When to Use GitHub Issues vs Local Tracking
| Context | Tracking method |
|---|---|
| Repo not yet on GitHub | Local tracking (session SQL todos) |
| Exploratory work / spikes | Local tracking |
| Repo is on GitHub AND work has defined scope | GitHub Issues |
| Any work with acceptance criteria | GitHub Issues |
Once a repo is published, default to GitHub Issues for all planned work.
Initial Publish
Squash all local commits into a single commit before pushing to GitHub for the first time:
# From the repo root, squash everything into one commit git reset --soft $(git rev-list --max-parents=0 HEAD) git commit -m "feat: initial commit" # Create the remote and push gh repo create <owner>/<repo> --source . --push
This gives the GitHub repo a clean single-commit history.
Issue Creation
Every planned task gets a GitHub Issue:
gh issue create --title "<type>(<scope>): <summary>" \ --body "## What <description> ## Acceptance Criteria - [ ] <criterion 1> - [ ] <criterion 2> ## Out of Scope <what's excluded>" \ --label "<type>"
Rules:
- •One issue per task. If a task needs splitting, create multiple issues.
- •Acceptance criteria must be testable — "it works" is not a criterion.

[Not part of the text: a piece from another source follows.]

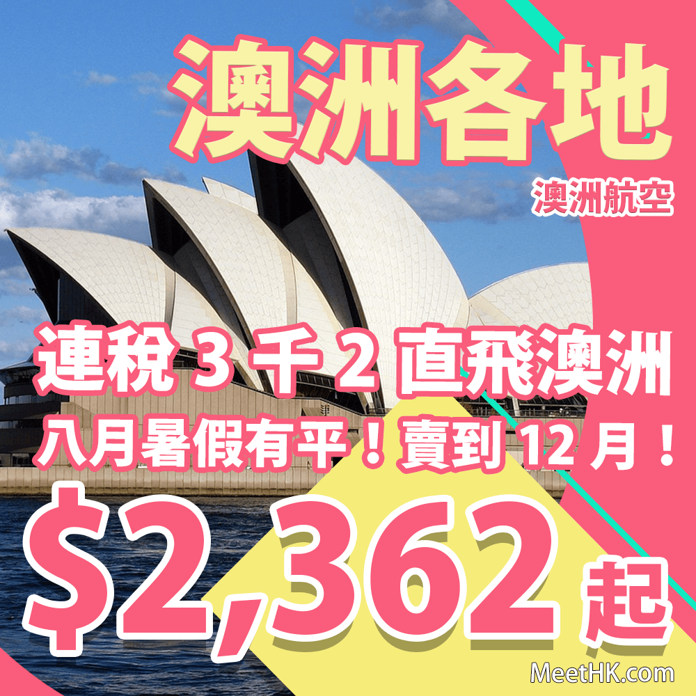 香港直飛澳洲各地來回只需$2,362起

- •Product agent creates issues; orchestrator assigns and sequences them.
Labels
Apply labels when creating or triaging issues:
| Category | Labels | Applied by |
|---|---|---|
| Type | feat, fix, docs, refactor, test, chore | Product (at creation) |
| Priority | p0-critical, p1-high, p2-medium, p3-low | Product (at creation) |
| Status | blocked, needs-design, needs-arch | Orchestrator (during triage) |
Epics and Sub-Issues
When a feature is too large for a single issue (even after scoping):
- •Product creates a parent issue labeled
epicwith the overall goal and acceptance criteria. - •Product or Orchestrator breaks it into child issues, each referencing the parent:
Part of #<parent>. - •Parent issue includes a checklist of children:
- [ ] #<child>. - •Only child issues are assigned to developers. The parent tracks overall progress.
Stacked PRs and Issues
When work requires stacked PRs (>200 diff lines):
- •Each stacked PR gets its own issue with its own acceptance criteria.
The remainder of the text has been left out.